Although I have been telling friends I made *no* resolutions, the truth is I did — I made a mental list of small things and behaviours I wanted to change in the new year. It’s January 25 and I’ve broken each of them.
“Dry” January — like many people, I considered a month of pure sobriety, knowing full well it wouldn’t last. I don’t actually consume much alcohol in my day to day life, but when I do, I enjoy it. Typically I have a glass of wine over dinner with friends, or a cocktail on a night out. My behaviour wasn’t the cause of the resolution — it was the realization that default social activities were all closely paired with alcohol consumption. Seeing friends had become a cycle of “having a drink” or “grabbing a beer” that meant I was consuming even when I didn’t want to; even when I didn’t enjoy it. So, I said no to dry January and said yes to uncoupling my social life and alcohol consumption. Enter the rise of walks, homemade brunches, afternoons in the park, and lingering dinners. The funny thing is how simple it was. I’ve spent more time cooking at home with friends in the last 25 days than I did in the previous six months.

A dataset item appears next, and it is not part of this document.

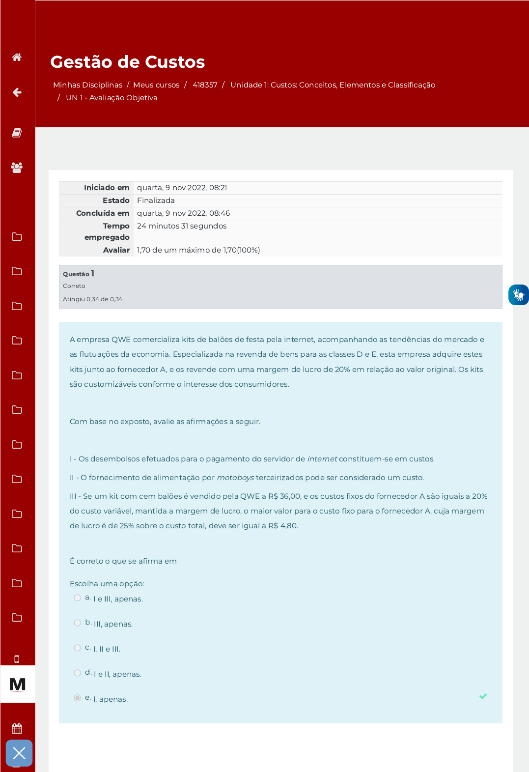 Minhas Disciplinas / Meus cursos / 418357 / Unidade 1: Custos: Conceitos, Elementos e Classi�cação / UN 1 - Avaliação Objetiva Gestão de Custos Iniciado em quarta, 9 nov 2022, 08:21 Estado Finalizada Concluída em quarta, 9 nov 2022, 08:46 Tempo empregado 24 minutos 31 segundos Avaliar 1,70 de um máximo de 1,70(100%) Questão 1 Correto Atingiu 0,34 de 0,34 A empresa QWE comercializa kits de balões de festa pela internet, acompanhando as tendências do mercado e as �utuações da economia. Especializada na revenda de bens para as classes D e E, esta empresa adquire estes kits junto ao fornecedor A, e os revende com uma margem de lucro de 20% em relação ao valor original. Os kits são customizáveis conforme o interesse dos consumidores. Com base no exposto, avalie as a�rmações a seguir. I - Os desembolsos efetuados para o pagamento do servidor de internet constituem-se em custos. II - O fornecimento de alimentação por motoboys terceirizados pode ser considerado um custo. III - Se um kit com cem balões é vendido pela QWE a R$ 36,00, e os custos �xos do fornecedor A são iguais a 20% do custo variável, mantida a margem de lucro, o maior valor para o custo �xo para o fornecedor A, cuja margem de lucro é de 25% sobre o custo total, deve ser igual a R$ 4,80. É correto o que se a�rma em Escolha uma opção: a. I e III, apenas. b. III, apenas. c. I, II e III. d. I e II, apenas. e. I, apenas. https://avap.multivix.edu.br/my/ https://avap.multivix.edu.br/course/view.php?id=19108 https://avap.multivix.edu.br/course/view.php?id=19108§ion=2 https://avap.multivix.edu.br/mod/quiz/view.php?id=1259084 https://avap.multivix.edu.br/my/ https://avap.multivix.edu.br/course/view.php?id=19108 https://avap.multivix.edu.br/user/index.php?id=19108 https://avap.multivix.edu.br/course/view.php?id=19108§ion=1 https://avap.multivix.edu.br/course/view.php?id=19108§ion=2 https://avap.multivix.edu.br/course/view.php?id=19108§ion=3 https://avap.multivix.edu.br/course/view.php?id=19108§ion=4 https://avap.multivix.edu.br/course/view.php?id=19108§ion=5 https://avap.multivix.edu.br/course/view.php?id=19108§ion=6 https://avap.multivix.edu.br/course/view.php?id=19108§ion=7 https://avap.multivix.edu.br/course/view.php?id=19108§ion=8 https://avap.multivix.edu.br/course/view.php?id=19108§ion=9 https://avap.multivix.edu.br/course/view.php?id=19108§ion=10 https://avap.multivix.edu.br/course/view.php?id=19108§ion=11 https://avap.multivix.edu.br/course/view.php?id=19108§ion=12 https://avap.multivix.edu.br/hooks/portal/ https://avap.multivix.edu.br/mod/page/view.php?id=1252%2F%22%20target%3D%22_blank https://avap.multivix.edu.br/calendar/view.php/ https://avap.multivix.edu.br/local/staticpage/view.php?page=biblioteca https://avap.multivix.edu.br/ Questão 2 Correto Atingiu 0,34 de 0,34 A empresa BNM, uma marcenaria localizada em uma cidade da região metropolitana de São Paulo, veri�cou que o índice de perda de matéria-prima (especi�camente, chapas de madeira do tipo MDF) durante as etapas de produção é igual a 20% do peso total de matéria-prima. Deste montante, 40% corresponde a pedaços de madeira (cavacos), e os demais 60% correspondem a serragem. É sabido que a empresa paga R$ 90,00 a cada chapa de madeira MDF, com peso médio de 15 kg. Recentemente, a empresa BNM passou a revender a serragem, com o preço de R$ 20,00 pelo saco de 20 kg, e a revender os cavacos, a R$ 12,00 o saco com 5kg. Considere que o único custo dos sacos de serragem e cavacos é a própria madeira. Diante do conteúdo apresentado, é correto a�rmar que Escolha uma opção: a. a margem de lucro da venda de serragem tende ao in�nito, uma vez que é um material sem custo. b. o fato de matéria-prima estar sendo descartada no processo produtivo (serragem) constitui-se contabilmente como perda anormal. c. a margem de recuperação das perdas com a formação de serragem, mediante a operação de venda, é de 33,3%. d. a empresa recupera, com a venda de cavacos, 40% das perdas com a formação deste resíduo. e. o índice de recuperação das perdas com a revenda de cavaco e serragem é de 30%. https://avap.multivix.edu.br/my/ https://avap.multivix.edu.br/course/view.php?id=19108 https://avap.multivix.edu.br/user/index.php?id=19108 https://avap.multivix.edu.br/course/view.php?id=19108§ion=1 https://avap.multivix.edu.br/course/view.php?id=19108§ion=2 https://avap.multivix.edu.br/course/view.php?id=19108§ion=3 https://avap.multivix.edu.br/course/view.php?id=19108§ion=4 https://avap.multivix.edu.br/course/view.php?id=19108§ion=5 https://avap.multivix.edu.br/course/view.php?id=19108§ion=6 https://avap.multivix.edu.br/course/view.php?id=19108§ion=7 https://avap.multivix.edu.br/course/view.php?id=19108§ion=8 https://avap.multivix.edu.br/course/view.php?id=19108§ion=9 https://avap.multivix.edu.br/course/view.php?id=19108§ion=10 https://avap.multivix.edu.br/course/view.php?id=19108§ion=11 https://avap.multivix.edu.br/course/view.php?id=19108§ion=12 https://avap.multivix.edu.br/hooks/portal/ https://avap.multivix.edu.br/mod/page/view.php?id=1252%2F%22%20target%3D%22_blank https://avap.multivix.edu.br/calendar/view.php/ https://avap.multivix.edu.br/local/staticpage/view.php?page=biblioteca https://avap.multivix.edu.br/ Questão 3 Correto Atingiu 0,34 de 0,34 Questão 4 Correto Atingiu 0,34 de 0,34 A empresa YTR fabrica e comercializa pisos cerâmicos para residências. Estes materiais são vendidos para casas de material de construção. Durante o processo de preparação do produto para embalagem, é esperado que 3 m² de pisos se quebrem a cada lote de 200 m² fabricados. A empresa desembolsa R$ 10,00 como custos totais de produção por m², e agrega 20% deste valor como despesas, sendo que as perdas normais não são consideradas para este cálculo. A margem de lucro é de 10% sobre o montante de custos, despesas e perdas. Deste modo, contando-se as perdas, é correto a�rmar que o preço �nal de

Writing 500 words a day. This is a classic one for me. While I don’t always enjoy the process of writing, I always enjoy the results. But, in about a week I realized I wasn’t writing nearly as much as I said I would. Then I realized I most certainly had reviewed over 1000 words of writing each day. I enjoy reading other people’s writing, and will send my friends full red-lined copies of their draft blog posts, grad-school admissions essays, and other long form written work with copious comments. Once I realized that this was accomplishing the same goal as writing the words myself — making me more conscious of the structure of written prose — it became so much more fun. Realizing that “writing” was a resolution I could apply in different ways to the service of different people (not exclusively myself), I enjoyed it more. And I’ve accomplished this goal every day.
Cheese. Yes, cheese. I knew dry January was not going to be my thing, but I did toy with the idea of banning cheese. I spent most of November and December eating from too many cheese plates and holiday parties, and spent 19 days in Europe over the holidays, where I indulged in lots and lots of cheese. I joked that December should be renamed “cheese.”
I thought eliminating cheese for a month would be an easy and healthy goal. I don’t buy much cheese to eat at home, and whenever it’s available at restaurants or parties there are always other options. But then there was a block of blue cheese at a friend’s house one afternoon in early January, and of course I had to have some. The resolution I accomplished has been to enjoy cheese (and other foods, too) for its quality and the memories associated with it. I tried dozens of fresh, organic cheeses during the week I spent alone with my brother in France, our first time traveling together as adults. We went to the local Bio-Coop (just like it sounds, an organic coop) and bought cheese after cheese and had picnics of jam and fresh baguette daily. I was right — American cheese is just as gross as I remembered. So I just don’t eat the ones I don’t like. I only eat the good stuff and when I do, I enjoy it without guilt. Mission accomplished.
I’m still reorganizing my “resolutions” around what is useful, what is helpful. I’m not interested in the guilt economy of forming and breaking resolutions, but the realization I can change the goals to suit my needs has left me feeling a lot more in control of the year ahead.